Archive for the ‘Save Your Money’ Category

Glimmer of Hope for Debt Beleaguered Canadians

Wednesday, January 11th, 2012

Over the past two years almost every time Finance Minister, Jim Flaherty and Bank of Canada President,  Mark Carney have issued a press release or spoken on camera they have been warning Canadians about their growing levels of  consumer debt.

There is finally some good news.
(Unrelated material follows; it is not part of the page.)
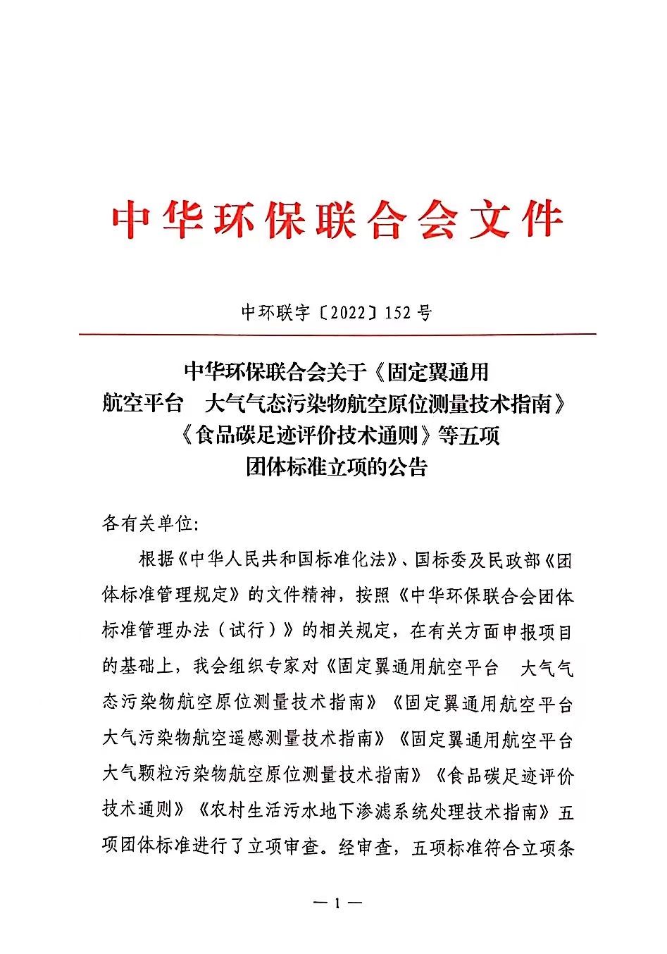 中华环保联合会关于《固定翼通用航空平台 大气气态污染物航空原位测量技术指南》《食品碳足迹评价技术通则》等五项团体标准立项的公告

Apparently some Canadians have started listening.

According to Equifax the average credit card debt fell in 2011 by 3.4 per cent.

It’s important to note that this drop is in credit card debt. Other types of consumer debt are still at record high levels.

Nadim Abdo, vice-president of consulting and analytical services for Equifax Canada cautions …

 ”Although this appears to be a good news story for Canada, there remains some concerns about the high level of debt Canadians carry on average. The main concern is how the Canadian economy may react to stressed global markets while our GDP is projected to grow at a very marginal rate in 2012. Canadians are at record-high levels of indebtedness with little room to maneuver. If there is to be another financial crisis, we can expect losses from serious delinquencies and bankruptcies.”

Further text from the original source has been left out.